* [To do] Exercise in exact copying: restate word for word only the lines below from the one containing "Con sus profundos" through the one containing "Stones – Cyan", omitting any pictures.
***** Record excerpts
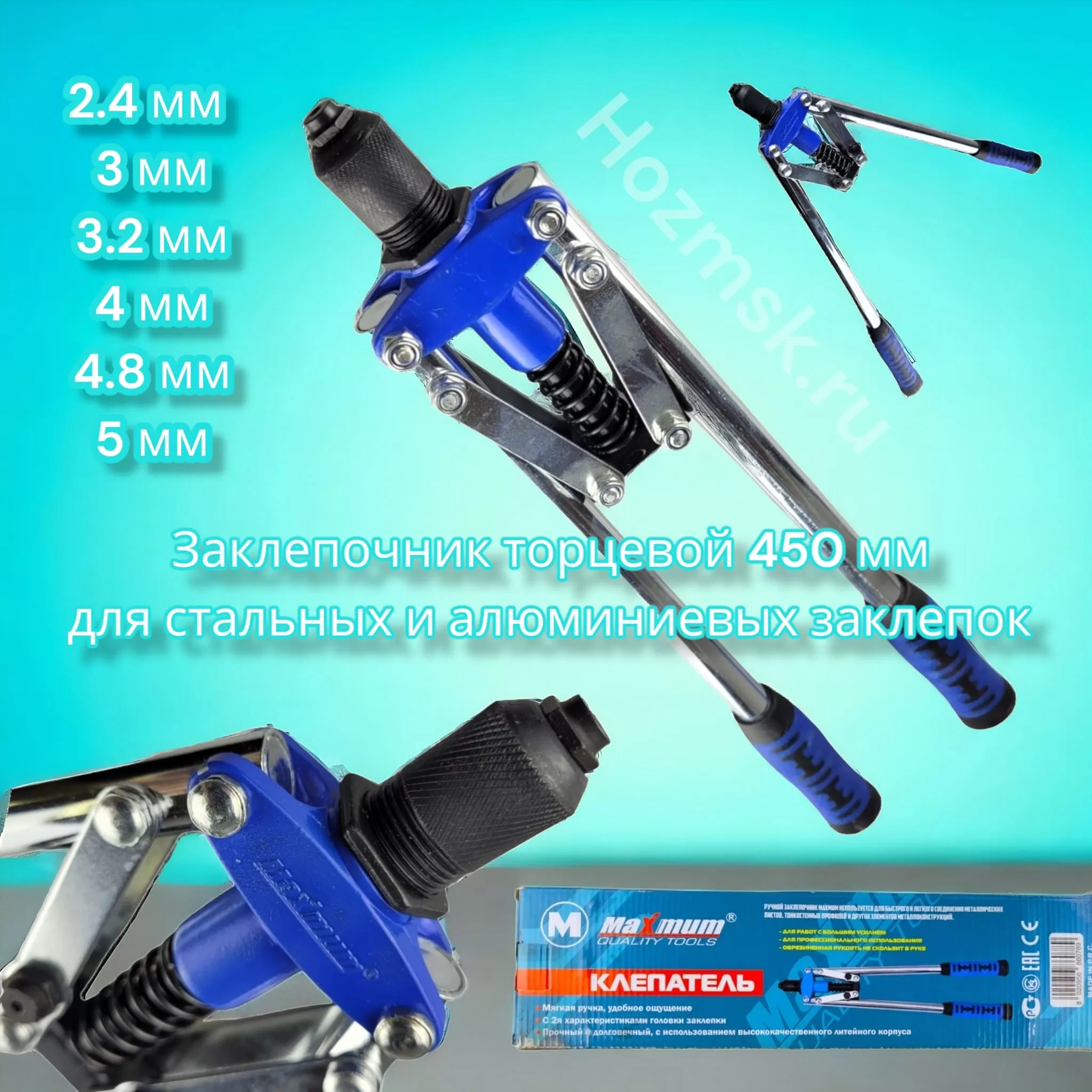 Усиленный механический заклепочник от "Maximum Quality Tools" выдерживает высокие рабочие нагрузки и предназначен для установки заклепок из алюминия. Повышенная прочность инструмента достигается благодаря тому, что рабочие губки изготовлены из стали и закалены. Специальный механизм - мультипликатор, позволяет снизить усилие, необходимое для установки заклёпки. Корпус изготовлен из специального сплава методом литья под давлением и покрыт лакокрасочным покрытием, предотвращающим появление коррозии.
**********
***** Record excerpts
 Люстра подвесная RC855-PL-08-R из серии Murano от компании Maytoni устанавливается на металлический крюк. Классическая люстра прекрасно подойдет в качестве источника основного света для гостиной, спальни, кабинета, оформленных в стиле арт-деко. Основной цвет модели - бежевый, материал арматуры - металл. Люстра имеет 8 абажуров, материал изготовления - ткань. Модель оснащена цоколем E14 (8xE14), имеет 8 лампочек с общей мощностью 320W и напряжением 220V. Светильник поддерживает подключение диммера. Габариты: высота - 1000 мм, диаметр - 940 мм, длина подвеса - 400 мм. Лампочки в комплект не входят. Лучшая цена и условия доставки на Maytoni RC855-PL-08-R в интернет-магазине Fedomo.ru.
**********
***** Record excerpts
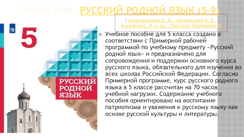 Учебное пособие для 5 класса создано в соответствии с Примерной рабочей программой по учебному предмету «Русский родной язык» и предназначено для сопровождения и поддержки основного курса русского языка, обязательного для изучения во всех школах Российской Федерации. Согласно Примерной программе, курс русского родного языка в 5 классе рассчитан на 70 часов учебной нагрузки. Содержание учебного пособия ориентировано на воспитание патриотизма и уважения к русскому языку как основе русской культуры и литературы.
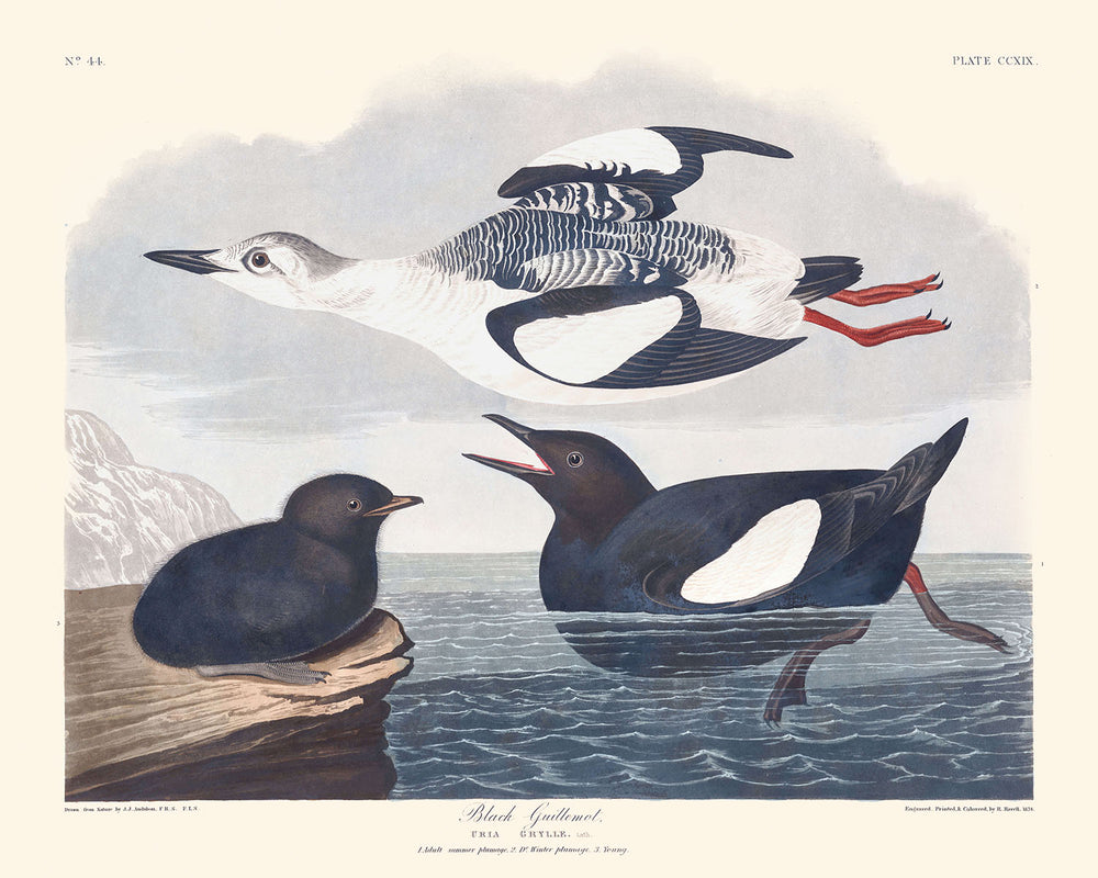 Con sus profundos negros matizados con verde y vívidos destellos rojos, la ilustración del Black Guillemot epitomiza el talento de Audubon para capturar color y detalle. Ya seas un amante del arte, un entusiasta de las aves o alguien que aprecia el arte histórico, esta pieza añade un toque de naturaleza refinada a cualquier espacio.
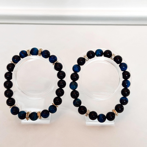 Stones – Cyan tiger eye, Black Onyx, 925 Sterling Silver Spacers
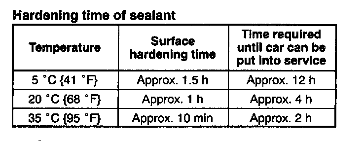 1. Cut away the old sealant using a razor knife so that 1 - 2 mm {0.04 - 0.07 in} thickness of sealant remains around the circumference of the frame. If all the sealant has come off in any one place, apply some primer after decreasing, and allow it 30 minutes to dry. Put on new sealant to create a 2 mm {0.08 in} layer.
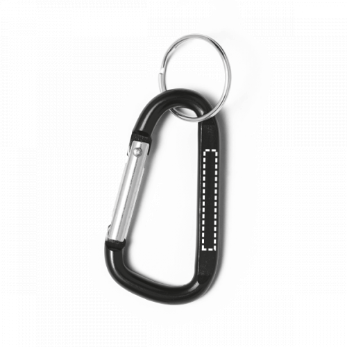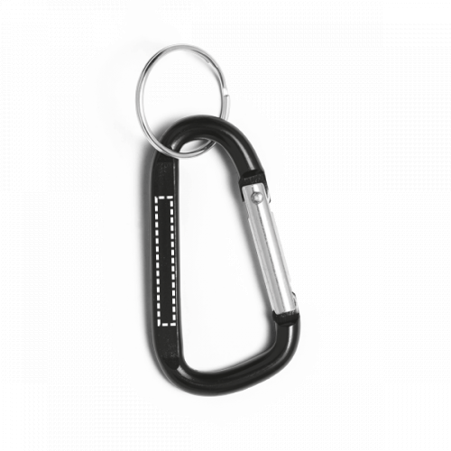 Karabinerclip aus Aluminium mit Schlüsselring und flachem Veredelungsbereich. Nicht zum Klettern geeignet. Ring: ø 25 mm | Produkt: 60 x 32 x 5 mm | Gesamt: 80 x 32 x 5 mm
**********
* [Task answer]
 Con sus profundos negros matizados con verde y vívidos destellos rojos, la ilustración del Black Guillemot epitomiza el talento de Audubon para capturar color y detalle. Ya seas un amante del arte, un entusiasta de las aves o alguien que aprecia el arte histórico, esta pieza añade un toque de naturaleza refinada a cualquier espacio.
 Stones – Cyan tiger eye, Black Onyx, 925 Sterling Silver Spacers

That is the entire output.